Either way, the group, which specialized in moving between a Kinks conception of rock and out noise, worked during the seventies. And as any good Midwesterner, Rep had an opinion on Watergate, albeit distanced by freeway miles. “I Resign” takes on a first person narrative for the chorus while the rest of the track apes some sort of smart ass critique of the situation. Decent song, average if not pointed lyrics.
The point I’m gonna make is that while there were no doubt countless songs written about Nixon, perhaps the most amusing/listenable/engaging seem to come from seemingly obscure bands. So, Mike Rep? Who else?

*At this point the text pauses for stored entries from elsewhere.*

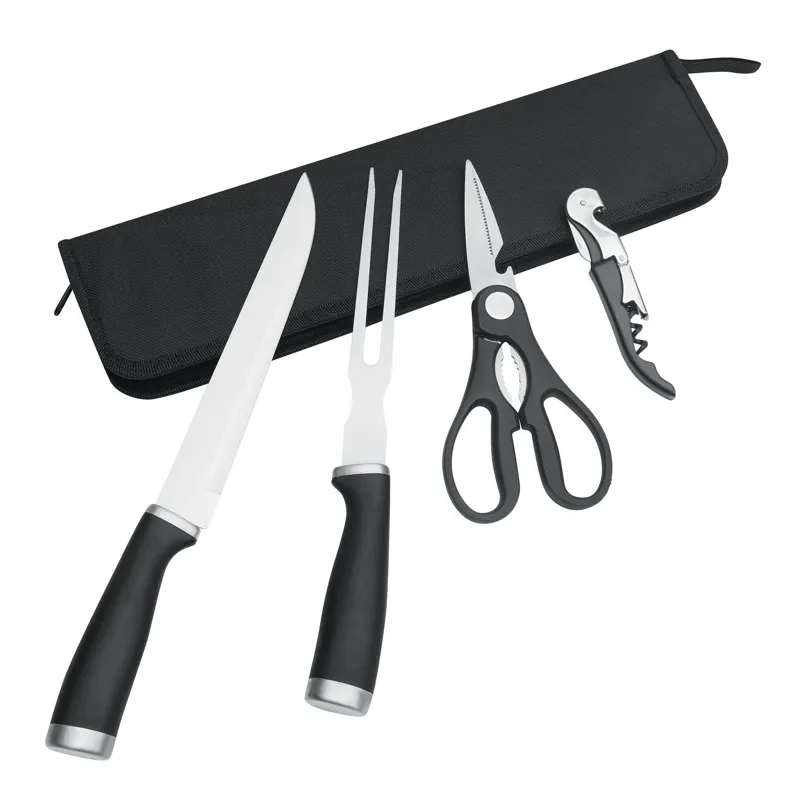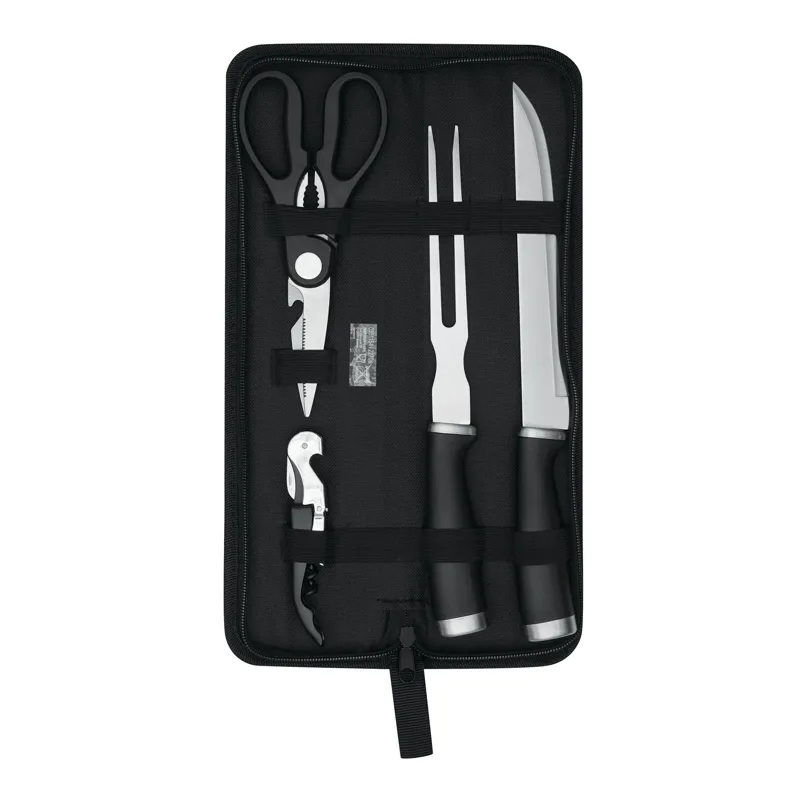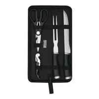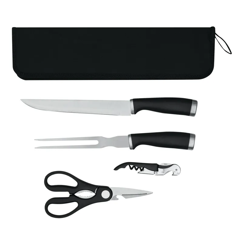 ROASTY rozsdamentes acél hússzeletelő kés szett, 4 részes: szeletelő kés, húsvilla, húsvágó olló és pincérbicska, fekete nejlon tasakban, akasztóval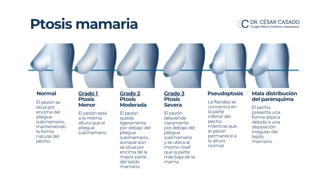 No todos los casos de caída del pecho son iguales. Los cirujanos plásticos suelen clasificar la ptosis mamaria en grados, lo que ayuda a determinar el tratamiento más adecuado: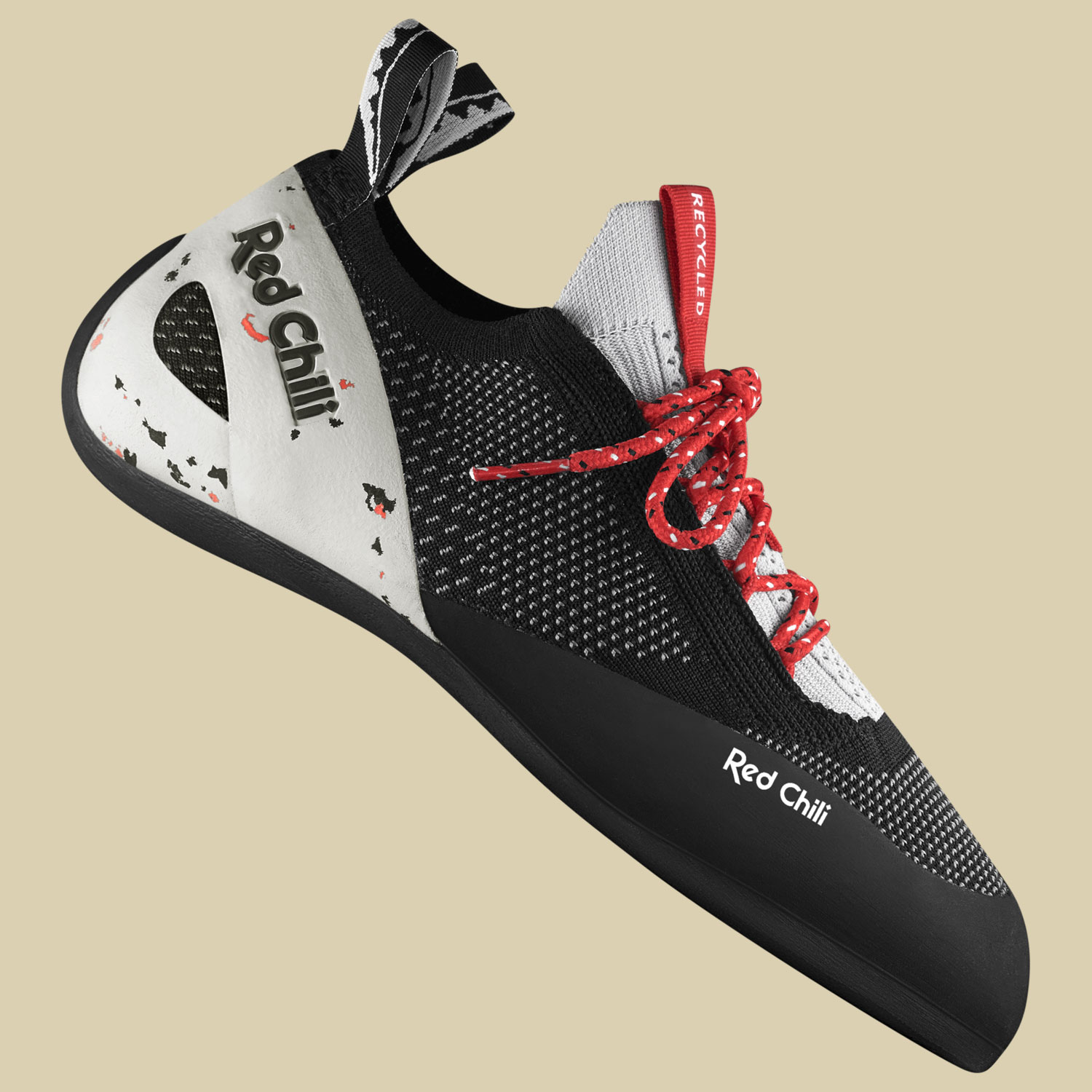 Der Ventic Air Lace aus dem Hause Red Chili ist ein moderner Kletter- und Boulderschuh für lange Trainingssessions drinnen und draußen. Das Obermaterial des Ventic Air Lace ist aus bequemem Strick-Material mit unterschiedlich starken Stretchzonen für maximale Atmungsaktivität und eine präzise abgestimmte Passform. Die minimale Vorspannung und die wenig asymmetrische Form sorgen für maximalen Tragekomfort. Der Red Chili Ventic Air Lace ist ein Meilenstein in Sachen Nachhaltigkeit, alle textilen Komponenten sind aus recyceltem Polyester nach dem Global Recycled Standard produziert. Mit bester Performance und viel Komfort kann der Ventic Air Lace für zeitintensive Session im Gym oder bei Mehrseillängen-Touren zum Einsatz kommen.

Well, the Mysterious Minds. And how mysterious are they. So mysterious that no writting published in the vast tubes of the interewebs sports more than a paragraph about the group. Even with that, some sap went ahead and shelled out over three hundred dollars for the bands lone, privately pressed disc, entitled Mind Over Matter.
None of this matters as the band was clearly incapable of creating any sort of interest in its work during the time it existed. That might mean the music is worthless – and some of it is. The opening track, “It’s Real,” sounds like a poorly done ska track during the first minute and change. And while the horn lines are interesting, it’s not as a result of the players possessing some sort of magic, musical acuity. Instead, one of the band’s members built a contraption – kinda like Captured by Robots – which played a spate of horns at once. That might be the most interesting aspect to the band’s career apart from how much it’s recordings are sold for.
It’s not all throw away stuff, though, seeing as the band was unquestionably engaged with funky stuffs as well as psych musics. There’s more groove that trip here, but a pleasant balance is eventually struck by the time listeners wade through to the latter portion of the disc.
“Power of the Mind” is all swirling organ sounds and weird synth noises layered over a funky back beat while the vocalists drone on about this positive vibe and that good deed. The persistent off kilter nature to this track – and the whole disc – should impress some, but not to the point where folks need to drop hundreds of bucks.